2. The Department has entertained a doubt that the appellants were clearing the leaf springs to the Jabalpur vehicles factory by availing the benefit of exemption Notification No. 64/95-CX, however, they have not followed the laid down procedure as provided under Rule 6 of Cenvat Credit Rules. The department have believed that the appellant have availed the Cenvat credit on all the raw materials, inputs, components, which were used by them in manufacture of both dutiable finished goods as well as exempted finished goods. It is contended by the Department that on the clearances affected under Notification No. 64/95, the appellants should have reversed Cenvat credit @ 6% of the value of the exempted goods as no separate accounts of Cenvat credit availed on exempted and dutiable goods have been maintained by them. Accordingly, two show cause notices one dated 03/06/2015 demanding reversal of the Cenvat credit of Rs. 1,15,34,488/- and second show cause notice dated 10/03/2016 demanding reversal of Cenvat credit of Rs. 27,80,175/- came to be issued which have been adjudicated by learned Commissioner, Ujjain vide this common order-in-original No. 50-51/COMMR/CEX/UJN/2017 dated 22/03/2017. The appellants are before us against the above-mentioned order-inoriginal.

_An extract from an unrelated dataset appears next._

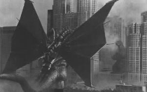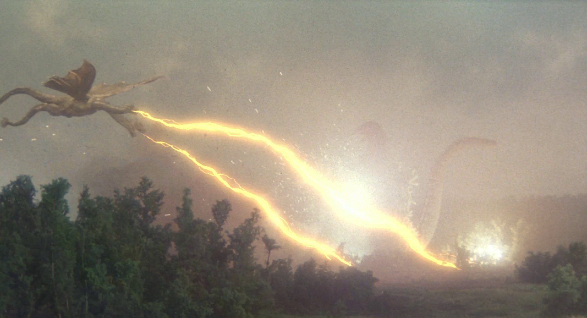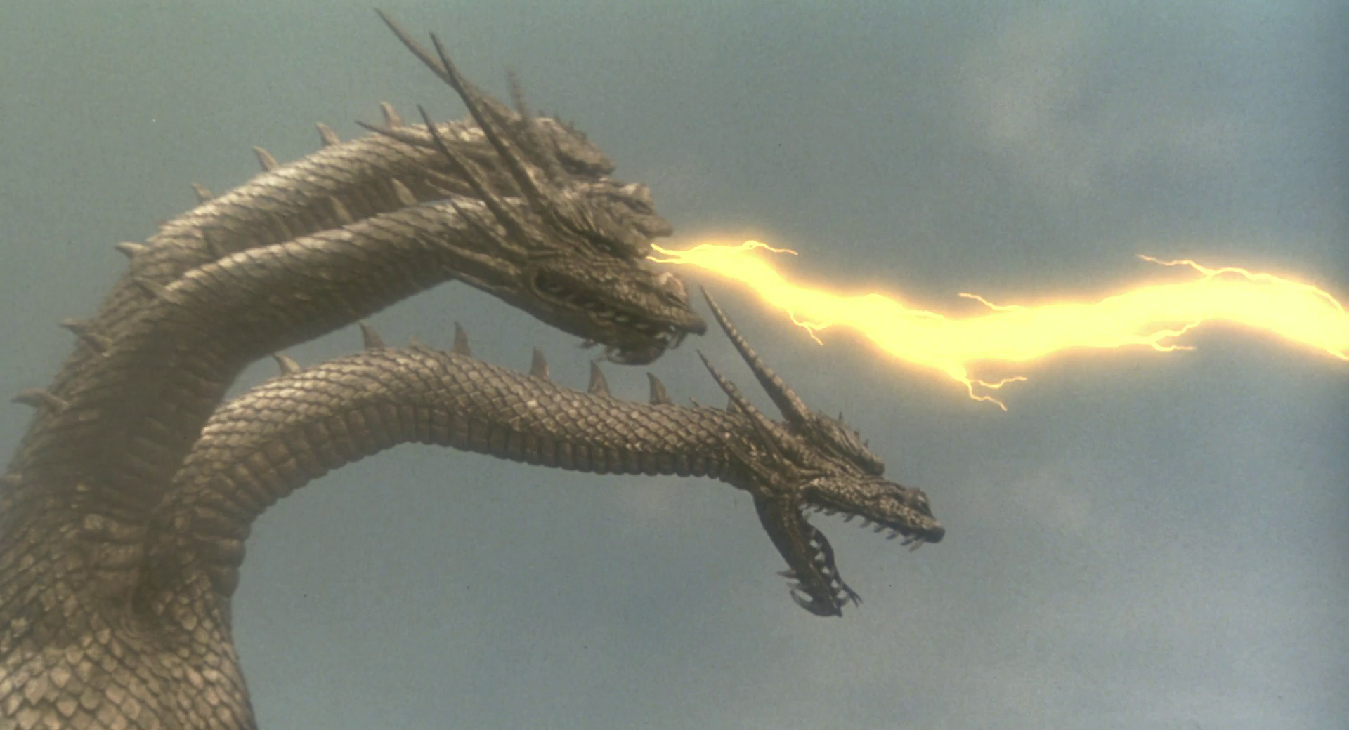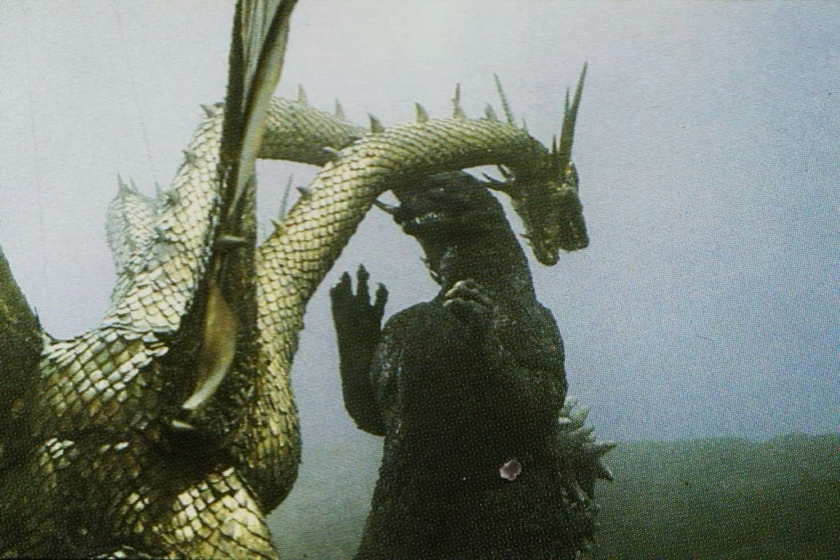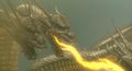 King Ghidorah takes flight and spits gravity beams at Godzilla

3. The learned Advocate appearing for the appellant have submitted that the provisions of Rule 6 of Cenvat Credit Rules, 2004 are not applicable in the case of the appellant as the goods have been cleared under Notification 65/95-CE which provides conditional exemption benefit from payment of central excise duty and exemption is available to the recipient of the goods and not to the manufacture, therefore, the applicability of Rule 6 of Cenvat Credit Rules is not there in their case. The learned Advocate has assailed the confirmation of Cenvat credit on the ground that the exemption under Notification 65/95-CX. is akin to the provisions of Chapter X in the erstwhile rules wherein the duty on otherwise excisable goods is remitted when the same are put forth to a specified use and the procedure set out in the said rule is followed. It has also been added that for making the provisions of Rule 6 of Cenvat Credit Rules applicable, there should be two different final products being manufactured by the same manufacturer, wherein one of the final product is cleared on payment of duty and other product is cleared without payment of duty. In such circumstances, the Rule 6 of Cenvat Credit Rules becomes applicable and the appellant would have been liable to reverse back 6% of the value of clearances from the Cenvat credit. It has also been contended that though appellant is contesting the applicability under Rule 6, sub-Rule (3) (i) of the Cenvat Credit Rules in their case however, it prove their bonafides they have on their own reversed back Cenvat credit of Rs. 72,80,640/- for the period covered by the show cause notice dated 03/06/2015 and Cenvat credit of Rs. 17,20,620/- have been reversed for show cause notice dated 10/03/2016. These are the proportionate amounts of Cenvat credit availed on the inputs used in the exempted goods. The learned Advocate has also contested that the penalty under Rule 15 of the Cenvat Credit Rule readwith Section 11AC of Central Excise Act is not imposable in their case as the issue involves interpretation of statutory provisions and as soon as it has been pointed out by the department that violation of Rule 6 of Cenvat Credit Rules have taken place, the Cenvat credit availed on proportionate basis on the goods cleared under exemption notification have already been reversed back by them. The learned Advocate has taken support of his argument from catena of judgments, summary of which are given below :-
(i) CCE, Calcutta – IV vs. Hastings Jute Mill – 2001 (135) E.L.T. 708 (Tri. – Kolkata) ; and
(ii) CCE, Jaipur – I vs. Parasrampuria Synthetics Ltd. – 2003 (160) E.L.T. 503 (Tri. – Del.).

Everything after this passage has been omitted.